The economic and political power centers dating from the time of FDR and Harry Truman – manufacturing, trade, and the mainstream media of newspapers, radio and movies, combined to elect Jimmy Carter. He was the last Roosevelt Democrat, not a visitor from the future but from the past. His coalition came from the suffering coasts, and from the manufacturing industries that were then only suffering from rising prices, not being destroyed by them.
Carter’s election forced the oil industry to get into politics. Before Carter, oilmen assumed the goodwill of politicians and most didn’t have to pay for it. But Carter was a direct threat to their prosperity. He talked seriously about the energy crisis, about the need to conserve, and about alternative energy sources. He was for cutting resource costs to support manufacturing.

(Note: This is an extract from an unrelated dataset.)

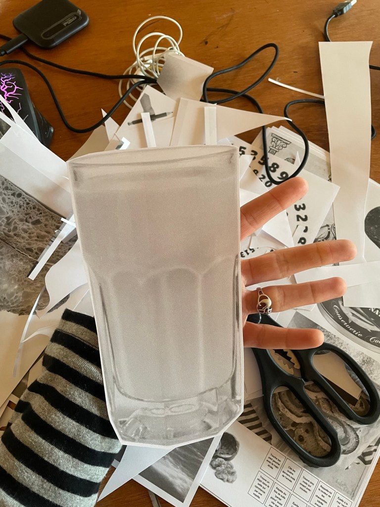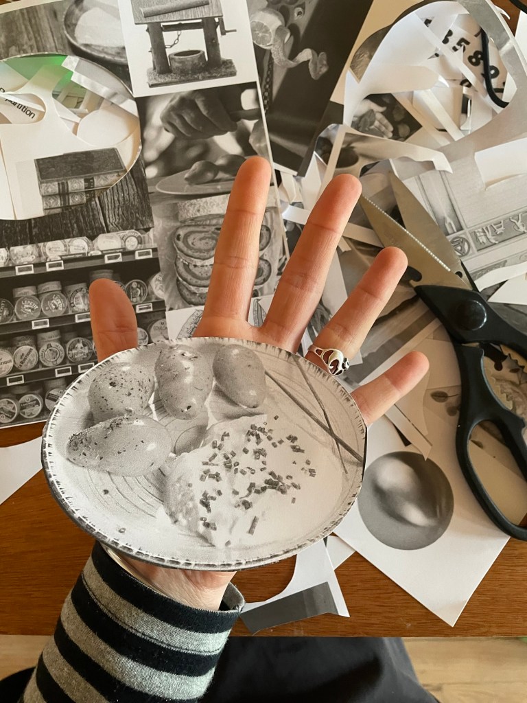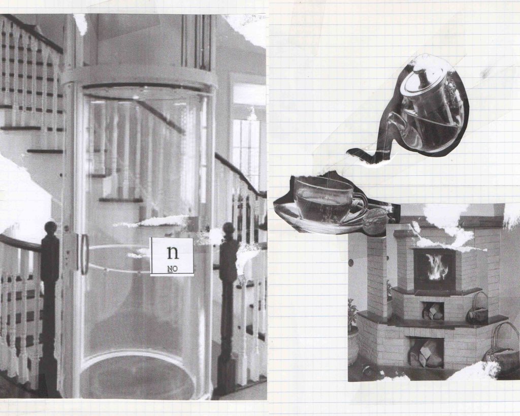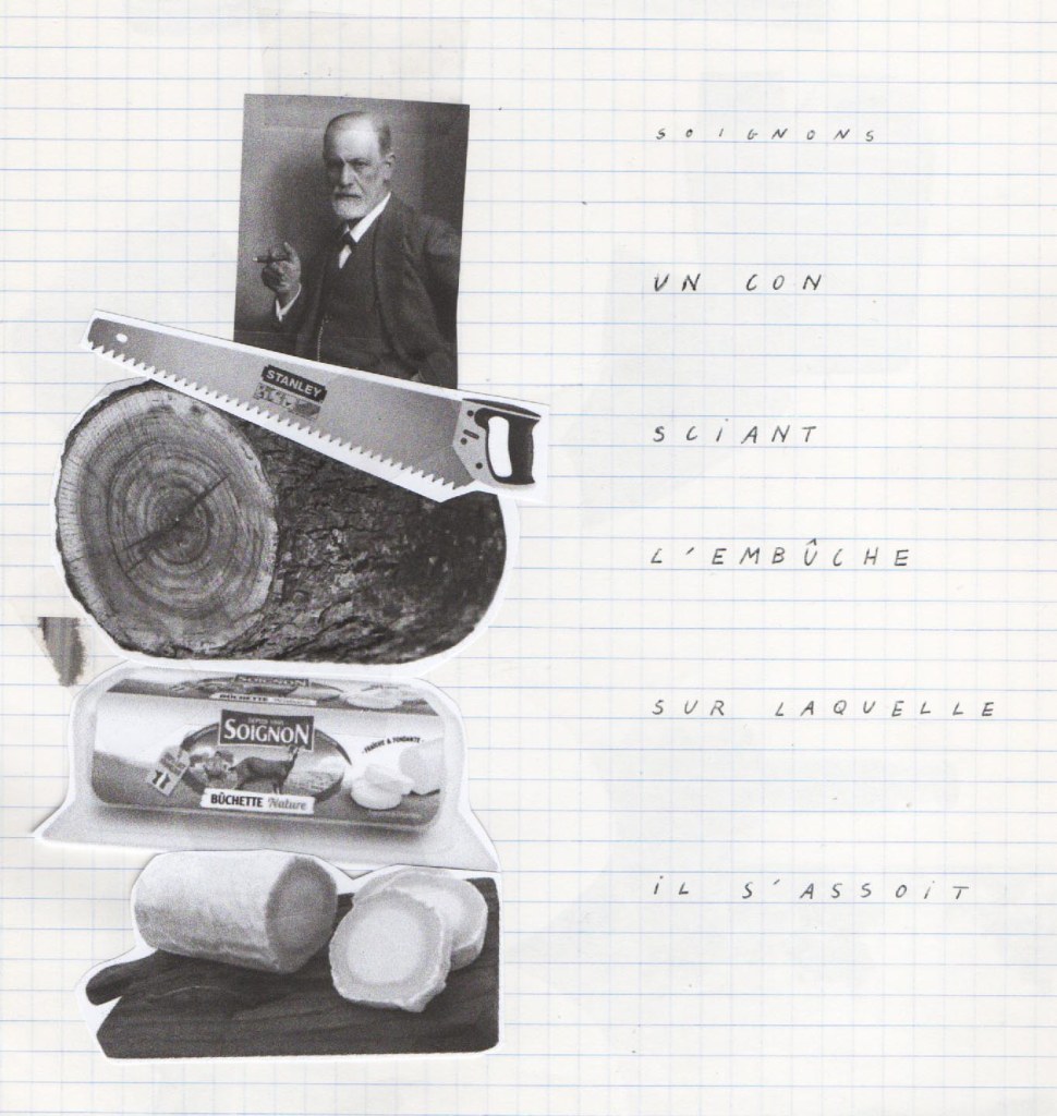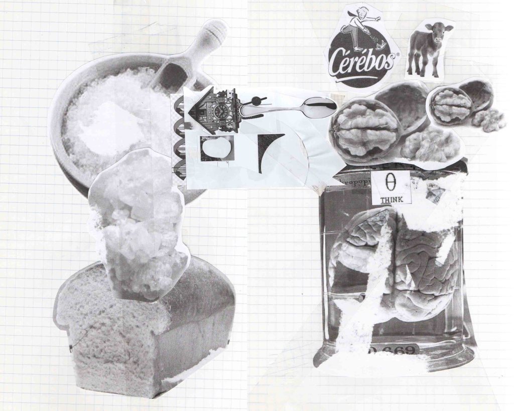 J’ai fait des vidéos de fantômes luminaires, puis un test pour une future Tour de Babybel (fromage au langage), car nous étions en terre de camembert. Cette tour témoigne de la construction du langage sur des analogies fromagères, laitage par laitage. Le fromage est un aliment fermenté et le langage sait faire mentir. Il est aussi question de fan de tomme ! Ce que j’ai le plus aimé dans ces recherches, c’étaient les collages aléatoires qui sont apparus dans mon cahier lors de la destruction de la Tour de Babybel. Peut-être que sa destinée est d’être des truites. Mais je ne connais pas de plats qui associent poisson et fromage…

So, oilmen got busy. I covered it. People like the Koch brothers began building a political infrastructure that would be loyal to oil interests. They began supporting candidates directly, with big dollars. They created the “sagebrush rebellion” in the West, and won the 1978 midterms. Oil’s first choice for 1980 was John Connally. I stood alongside George H.W. Bush one evening in 1979, while he was ignored by Connally men at an oil company cocktail party. But Connally flamed out, and when Bush lost to Reagan in the primaries, oil got their man Bush on the ticket and went all-in.
The result you know.
Today, technology faces a similar situation to what oil faced in 1976. Donald Trump drew his political support from the Reagan coalition, from the oilpatch and other resource producers, as well as exurban elites who had lost control over urban development to an explosion into cities driven by technology. The Internet, and the cloud, replaced a host of middle managers and small businesses this decade with apps, and have limited the need for resources like oil with cloud efficiency.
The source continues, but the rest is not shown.